EXERCISE PROMPT: Once the images are set aside, output the listing exactly as it stands.

'''

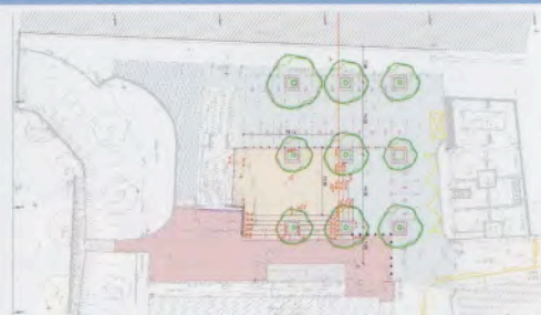
Projet d'aménagement de la place de la cale haute
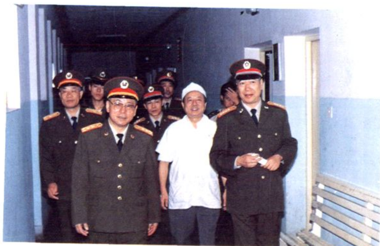
▷ (前排左一) 来医院视察 一九九二年总后勤部李伦副部长
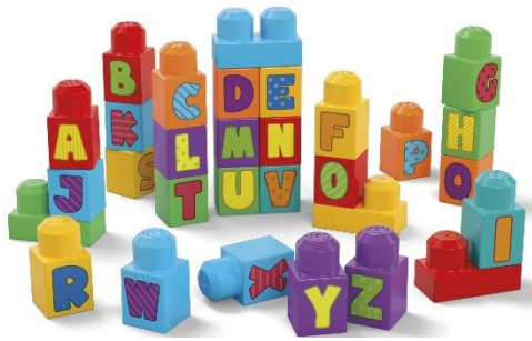
ブロック遊びをしながら英語が学べる！
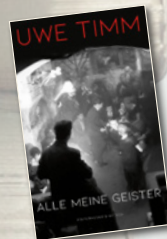
Alle meine Geister / Uwe Timm / Kiepenheuer&Witsch
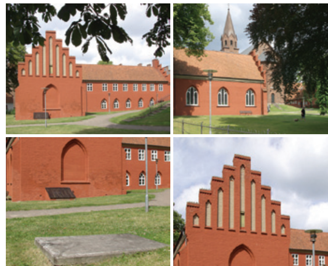
Sortebrødre Kloster og Skt. Nikolaj Kirke

Midt i Holbæk ligger Sortebrødreklostret sammen med Skt. Nikolaj Kirke. Klostret blev bygget i middelalderen af tiggermunke og var, da det var størst, et firefløjet anlæg omkring en åben klostergård. Munkene levede på stedet indtil 1535, hvor de blev sultet ud af byen af byens borgere under borgerkrigen mellem Christian d. 3. og Christoffer af Oldenburg. Dele af anlægget blev herefter revet ned på kongens befaling, men i 1575 indrettedes Holbæks første rådhus i de tilbageblevne bygninger, og tjente som sådan til 1844. Bygningerne findes på adressen Klosterstræde 7 og bruges i dag til sognets menighed. Den oprindelige klosterkirke blev i 1535 til sognekirke og eksisterede indtil 1869, hvor den blev revet ned og erstattet af den nuværende Skt. Nikolaj Kirke.
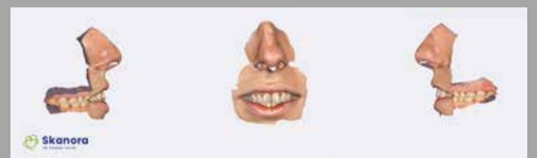
Sl. 2a: Izgled face scan-a, kod drugog pacijenta (dr Dejan Stajčić)
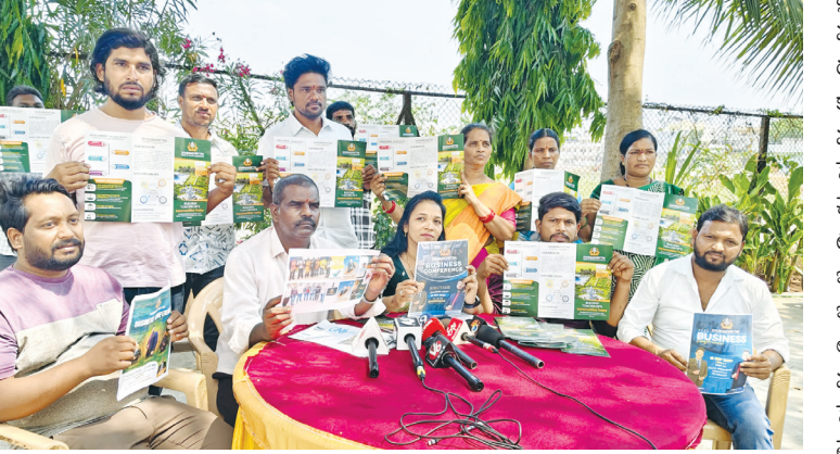
లక్షల రూపాయలు గడించారు. కోట్ల రూపాయలు సంపాదించాలన్న దురుద్దేశంతో తనను సమీప సభ్యులను మోసం చేసినందుకు కొత్త పథకాన్ని ప్రారంభించారు. 2025లో శుభక్షేత్ర ప్రాజెక్ట్ పేరుతో తన

పాటు ఇస్తానని నమ్మబలికారు. అంతేకాక కట్టినవారు మరొకరి చేత ఐదు లక్షల రూపాయలు కట్టిస్తే 5 వేల రూపాయల చొప్పున పనిపని చెల్లిస్తానని నమ్మబలికారు. తమతో కలిసి పనిచేసిన వ్యక్తి కావడంతో 32 మంది బాధితులు ఒక కోటి 60 లక్షల రూపాయలు పెట్టుబడిగా పెట్టారు. కొన్ని నెలలు ప్రతి నెలా కమిషన్ చెల్లిస్తూ తదనంతరం సొకులు చెబుతూ తప్పించుకుంటూ తిరగడం ప్రారంభించారు. అసమానం వచ్చి అంటికి వెళ్లి నిలదీసి ఏకంగా మరణం వచ్చింది. ఇదిలా ఉండగా పటాన్ చెరులో పాటు తెలంగాణ, ఆంధ్ర ప్రదేశ్ రాష్ట్రాలకు చెందిన సుమారు 130 మంది నుండి 7 కోట్ల రూపాయలు వరకు డిమాండ్లు సేకరించి తప్పించుకొని తిరుగుతున్నారని బాధితులు తెలిపారు. తమకు ఎలాగైనా న్యాయం చేయాలని బాధితులు కోరుతున్నారు. ఇదిలా ఉండగా ఈ కేసుకి సింగర్ మండ్లికి ఎటువంటి సంబంధం లేదని, అంశా హేమకాంత్ రెడ్డి నేతృత్వంలోనే మోసం జరిగిందని వారు తెలిపారు.
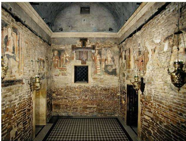
Slika 19: Zapadni dio unutrašnjosti Loretske kućice. 65

Na priloženom tlocrtu Svete kućice, mogu se uočiti i jedna sporedna vrata na južnom zidu. Ta vrata mogla bi se povezati s prozorom, koji se nalazi na istom mjestu na Gospi od Karmela. Time, to bi bila zadnja preostala poveznica Gospe od Karmela s Loretskom kućicom, osim »svetih dimenzija«. Zapadni zid Svete kućice nosi pravokutni prozor, no na zapadnom zidu Gospe od Karmela danas je portal. Doduše, nije nemoguće zamisliti da je ondje nekoć bio sličan prozor, te da se u crkvu ulazilo s bočne strane.
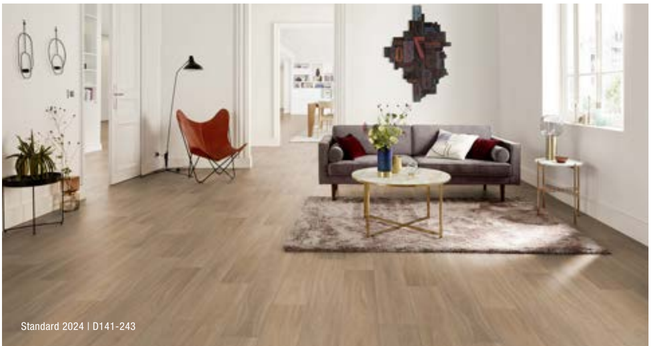
Standard 2024 | D141-243

'''

EXERCISE OUTPUT:
Projet d'aménagement de la place de la cale haute
▷ (前排左一) 来医院视察 一九九二年总后勤部李伦副部长
ブロック遊びをしながら英語が学べる！
Alle meine Geister / Uwe Timm / Kiepenheuer&Witsch
Sortebrødre Kloster og Skt. Nikolaj Kirke

Midt i Holbæk ligger Sortebrødreklostret sammen med Skt. Nikolaj Kirke. Klostret blev bygget i middelalderen af tiggermunke og var, da det var størst, et firefløjet anlæg omkring en åben klostergård. Munkene levede på stedet indtil 1535, hvor de blev sultet ud af byen af byens borgere under borgerkrigen mellem Christian d. 3. og Christoffer af Oldenburg. Dele af anlægget blev herefter revet ned på kongens befaling, men i 1575 indrettedes Holbæks første rådhus i de tilbageblevne bygninger, og tjente som sådan til 1844. Bygningerne findes på adressen Klosterstræde 7 og bruges i dag til sognets menighed. Den oprindelige klosterkirke blev i 1535 til sognekirke og eksisterede indtil 1869, hvor den blev revet ned og erstattet af den nuværende Skt. Nikolaj Kirke.
Sl. 2a: Izgled face scan-a, kod drugog pacijenta (dr Dejan Stajčić)
లక్షల రూపాయలు గడించారు. కోట్ల రూపాయలు సంపాదించాలన్న దురుద్దేశంతో తనను సమీప సభ్యులను మోసం చేసినందుకు కొత్త పథకాన్ని ప్రారంభించారు. 2025లో శుభక్షేత్ర ప్రాజెక్ట్ పేరుతో తన

పాటు ఇస్తానని నమ్మబలికారు. అంతేకాక కట్టినవారు మరొకరి చేత ఐదు లక్షల రూపాయలు కట్టిస్తే 5 వేల రూపాయల చొప్పున పనిపని చెల్లిస్తానని నమ్మబలికారు. తమతో కలిసి పనిచేసిన వ్యక్తి కావడంతో 32 మంది బాధితులు ఒక కోటి 60 లక్షల రూపాయలు పెట్టుబడిగా పెట్టారు. కొన్ని నెలలు ప్రతి నెలా కమిషన్ చెల్లిస్తూ తదనంతరం సొకులు చెబుతూ తప్పించుకుంటూ తిరగడం ప్రారంభించారు. అసమానం వచ్చి అంటికి వెళ్లి నిలదీసి ఏకంగా మరణం వచ్చింది. ఇదిలా ఉండగా పటాన్ చెరులో పాటు తెలంగాణ, ఆంధ్ర ప్రదేశ్ రాష్ట్రాలకు చెందిన సుమారు 130 మంది నుండి 7 కోట్ల రూపాయలు వరకు డిమాండ్లు సేకరించి తప్పించుకొని తిరుగుతున్నారని బాధితులు తెలిపారు. తమకు ఎలాగైనా న్యాయం చేయాలని బాధితులు కోరుతున్నారు. ఇదిలా ఉండగా ఈ కేసుకి సింగర్ మండ్లికి ఎటువంటి సంబంధం లేదని, అంశా హేమకాంత్ రెడ్డి నేతృత్వంలోనే మోసం జరిగిందని వారు తెలిపారు.
Slika 19: Zapadni dio unutrašnjosti Loretske kućice. 65

Na priloženom tlocrtu Svete kućice, mogu se uočiti i jedna sporedna vrata na južnom zidu. Ta vrata mogla bi se povezati s prozorom, koji se nalazi na istom mjestu na Gospi od Karmela. Time, to bi bila zadnja preostala poveznica Gospe od Karmela s Loretskom kućicom, osim »svetih dimenzija«. Zapadni zid Svete kućice nosi pravokutni prozor, no na zapadnom zidu Gospe od Karmela danas je portal. Doduše, nije nemoguće zamisliti da je ondje nekoć bio sličan prozor, te da se u crkvu ulazilo s bočne strane.
Standard 2024 | D141-243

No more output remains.